Rice and Powell, too
posted by matteo at 1:22 PM on May 21, 2008

The big difference with Bush is that it is now in broad daylight and they don't feel the need bother to involve proxies as much.

No, see, I disagree there. I think they'd prefer to do it with proxies and under cover, but they are so inept and have so alienated everyone in the agencies that had experience with pulling this sort of shit that they got left with the dregs and they no longer know how to do it properly with proxies. So they are both evil AND inept.
posted by Pollomacho at 1:41 PM on May 21, 2008

I thought the most interesting part was the interview with the facial expressions expert, Paul Ekman. I'm still kind of freaking over the second picture here.
posted by CunningLinguist at 3:15 PM on May 21, 2008

So they are both evil AND inept.

I just don't buy the ineptness. They are very good at what they set out to do. It just isn't what you want them to do. You don't pull off reelection without some skills in your team. They could have achieved what they wanted without the stupidity and they had people who could have helped them do it. They tortured because they wanted to and they wanted the public to know they tortured. It was a deliberate Fuck You to the civilized world in much the same way that drilling in a Nature Reserve is a deliberate Fuck You to environmentalists and letting New Orleans stay sunk was a deliberate Fuck You to a non-Republican area. Fuck You was the goal not actionable intelligence or increasing the oil supply or providing aid.

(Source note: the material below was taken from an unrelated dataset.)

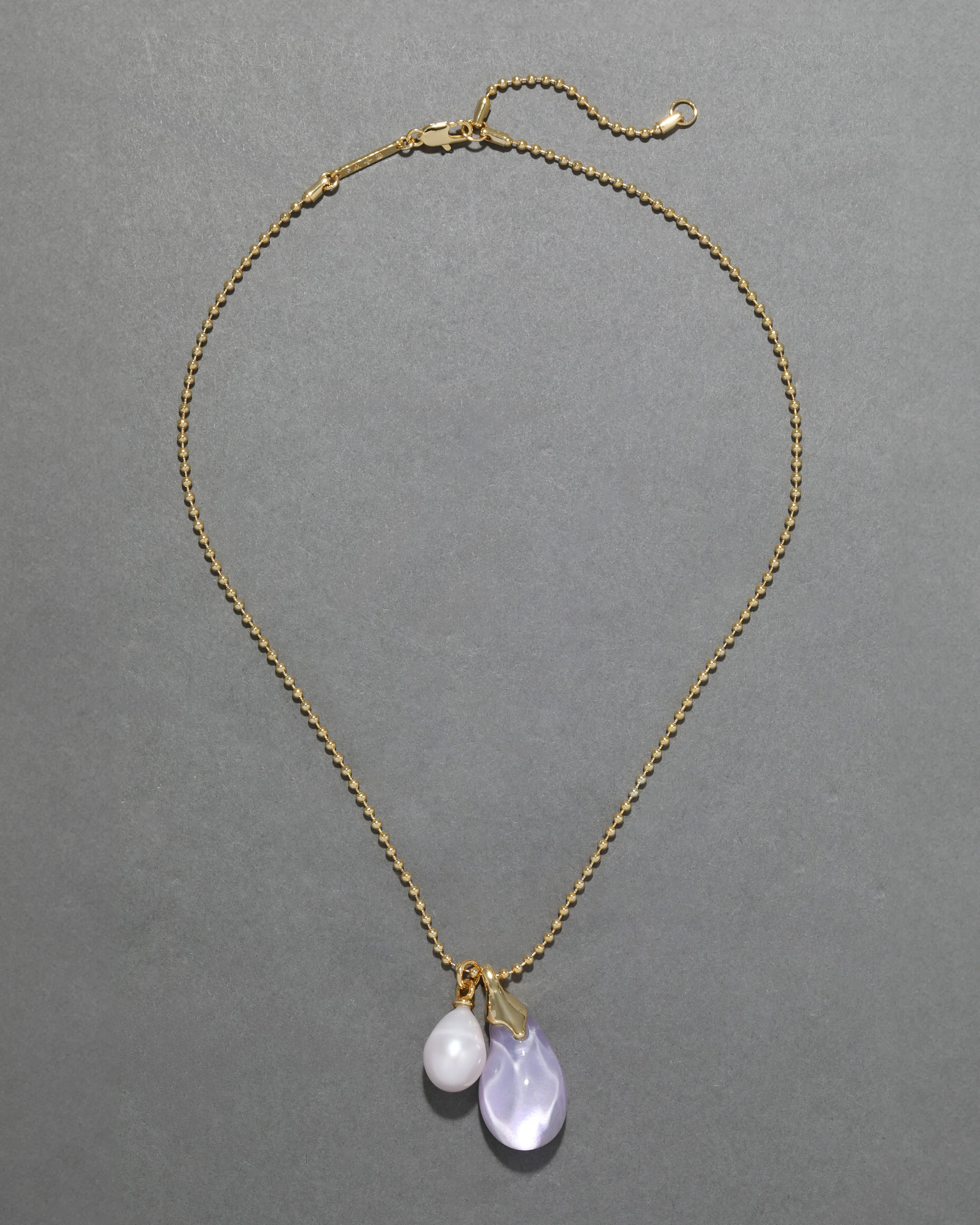 A lustrous freshwater pearl is paired with a vibrant hand-sculpted Lucite dewdrop pendant, capped with molten 14k gold plated metalwork, on this versatile 14k gold plated ball chain necklace that adds a pop of color and playful elegance to any look.

They pulled it off too, with hardly a peep from anyone important, right up until the point where it was clear they were no longer the silverbacks because their constituency had a pornographic joy in seeing everyone else fucked.

Now, no doubt, the Democratic Party will hold up the rug and get out the broom in the name of turning the corner, closing that chapter and letting the healing begin. Of course BushCo and co conspirators know this, which is why they were so free with their Fuck You policy.
posted by srboisvert at 3:22 PM on May 21, 2008

Thanks for this. Morris' conclusion:

"Abu Ghraib is all about the blame game. M.P.’s blaming M.I. M.I. blaming the civilian contractors. And everyone blaming the “bad apples.” Harman didn’t murder al-Jamadi. She provides evidence of a crime, evidence that this was no heart attack victim. She took photographs to show that “the military is nothing but lies.” At the very least, to show that she had been lied to by her commanding officer. It is now our job to make sure that her photographs are used to prosecute the people truly responsible for al-Jamadi’s death."

Apparently, Obama is the only candidate to pledge to "immediately review" potential of crimes in Bush White House.

This was the Question That Could Not Be Asked during the debates.
posted by psyche7 at 3:35 PM on May 21, 2008

I thought the smile expert was pretty interesting, but one thing bothers me: his examples and comparison pictures all show people in upright positions. In the picture the article highlights, Harman is in a bent-over, contorted posture. Would that affect the composition of her smile? Has the smile expert done extensive research into the affects of gravity and/or posture on his subjects?
posted by joaquim at 4:00 PM on May 21, 2008

Morris: I believe that the failure to prosecute any C.I.A. personnel for the death of al-Jamadi may lead to the highest echelons of the government. Investigating small things can often teach us about the big things that stand behind them.

High levels, for sure.

Yet low-level America also made a decision about being there. So did the soldiers.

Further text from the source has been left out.